The next step was supposed to be the Sentient Jet Breeders' Cup Juvenile (gr. I), but American Pharoah skipped the race with a minor injury. He still earned the Eclipse Award as champion 2-year-old male.
The colt took nearly six months off, and Baffert selected the grade II Rebel Stakes at Oaklawn Park for his return.
The workout he gave American Pharoah from the starting gate March 6 at Santa Anita Park, eight days before the Rebel, was a perfect example of Baffert's demanding—and rewarding—style.
"I put a mile gate (work) into him before I went (to Arkansas)," Baffert said. "He worked 1:37. (The clockers) gave him a 1:10 (2/5ths for six furlongs). It was the most awesome 1:37 that I've ever seen a horse work. It was a wow.
"I got that from the Quarter Horses. If you want to get a horse fit and you feel like you're a little bit behind, work them from the gate. That catches them right up. For some reason, working from the gate, they get more out of it. You can work them and work them and work them, but there's nothing like a gate work, especially for a horse that hasn't run in a while. I'll send them up to the gate to sharpen them up. It's more like a little race and you're putting them into it.
"I remember when training Quarter Horses at Los Alamitos, if you're horse hadn't run in a month, you had to re-qualify your horse and work them 350 yards," Baffert continued. "And I remember the reason they did that was for recency for the gamblers. If I was a gambler and I saw a Thoroughbred that was working off a layoff just half miles in 51, 50 (seconds) and that's all these guys do, you're not sure if he's going to be ready. You don't know that the horse is actually going 50 and then galloping out a mile.
"If they work from the gate and put a three-quarter gate work if they've been off three months, then you'll say, 'That horse is ready. He's ready to roll.' That's why I do the gate work, to sharpen them up and make sure they're ready."
Baffert said he admired the late Hall of Fame trainer Charlie Wittingham, who also put a premium on fitness. He also recalled a conversation with the late Bobby Frankel, another Hall of Fame trainer, who told him that turf horses can be trained easier than dirt horses "because they're only going to run a quarter mile.
"Dirt horses run hard the whole way," Baffert said. "That's the difference."
Despite his reputation, Baffert insisted he didn't work his horses very fast, but, rather, worked them often. Bodemeister , his 2012 Kentucky Derby and Preakness runner-up, for example, had 26 workouts before he ever ran a race.
"You can't be afraid to train, especially these good horses," he said. "They're going to give it to you. If you have them fit, and they look happy and keep their weight, they'll give it to you."
While Baffert isn't afraid to work his horses hard, he didn't want American Pharoah expending too much energy in his final prep race before the Kentucky Derby if at all possible. Baffert said that before the Arkansas Derby, he told jockey Victor Espinoza, "Please, don't let him win by a lot."
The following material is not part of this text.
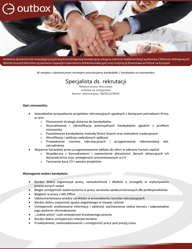 W związku z dynamicznym rozwojem poszukujemy kandydatki / kandydata na stanowisko: Specjalista ds. rekrutacji Miejsce pracy: Warszawa Umowa na zastępstwo Numer referencyjny: OB/0514/RSHC Opis stanowiska: Samodzielne prowadzenie projektów rekrutacyjnych zgodnych z bieżącymi potrzebami firmy, w tym: o Planowanie strategii dotarcia do kandydatów o Wyszukiwanie i identyfikacja potencjalnych kandydatów zgodnie z profilem stanowiska o Pozyskiwanie kandydatów metodą Direct Search oraz metodami tradycyjnymi o Weryfikacja i selekcja nadesłanych aplikacji o Prowadzenie rozmów rekrutacyjnych i przygotowanie rekomendacji dot. zatrudnienia Wsparcie Sprzedaży przez przygotowywanie wkładu do ofert w zakresie human capital: o Współpraca z Konsultantami i zapewnienie aktualności danych dotyczących ich doświadczenia oraz umiejętności prezentowanych w CV o Tworzenie bazy CV i opisów projektów Wymagania wobec kandydata: Bardzo dobra organizacja pracy, samodzielność i dbałość o szczegóły w wykonywaniu powierzonych zadań Biegła umiejętność wykorzystania w pracy serwisów społecznościowych dla profesjonalistów Biegłość w pracy z MS Office Udokumentowana wiedza i praktyka w prowadzeniu rozmów rekrutacyjnych Bardzo dobra znajomość języka angielskiego w mowie i piśmie Umiejętność analizowania informacji i zdolność wychwycenia sedna tematu i odpowiednie jego pisemne sformułowanie „Lekkie pióro” czyli umiejętność kreatywnego pisania Bardzo dobre umiejętności interpersonalne Proaktywność, wielozadaniowość i umiejętność pracy pod presją czasu Oferujemy: Możliwość aktywnego współuczestnictwa w rozwoju firmy Odpowiedzialną pracę w zgranym zespole o dużym doświadczeniu Profesjonalne środowisko pracy Dogodną lokalizację pracy Program sportowy (oferujemy kartę sportową) Prywatną opiekę medyczną wyślij swoje CV ze zdjęciem na adres [email protected] Prosimy o dołączenie do aplikacji klauzuli: „Wyrażam zgodę na przetwarzanie przez Outbox Sp. z o.o. z siedzibą w Warszawie przy ul. Puławskiej 182, moich danych osobowych zgodnie z ustawą z dnia 29 sierpnia 1997r. o ochronie danych osobowych (Dz. U. 2002, Nr 101, poz. 926 ze zm.) dla celów rekrutacyjnych teraz i w przyszłości. Jestem świadoma/y, że mam prawo dostępu do treści moich danych oraz ich poprawiania, a podanie danych jest dobrowolne.”

American Pharoah crushed his opposition by eight lengths, and Espinoza came back afterward and apologized. Baffert said he didn't get upset: He knew the horse had not been pressured in the stretch.
In the Kentucky Derby, Espinoza had to ride far harder than normally on the backside and then used his whip in the drive to urge American Pharoah to victory.
"It wasn't an 'A' race for him because you could tell he was struggling all the way around there," Baffert said. "When he turned for home for Victor, he had to get after him. Usually, he doesn't have to touch him. I don't know if he had just used himself up a little bit or what, but it was like he still ran a good race. But I don't think it was his best race."
If American Pharoah won the Kentucky Derby on an off day, Baffert's emphasis on fitness likely had something to do with it.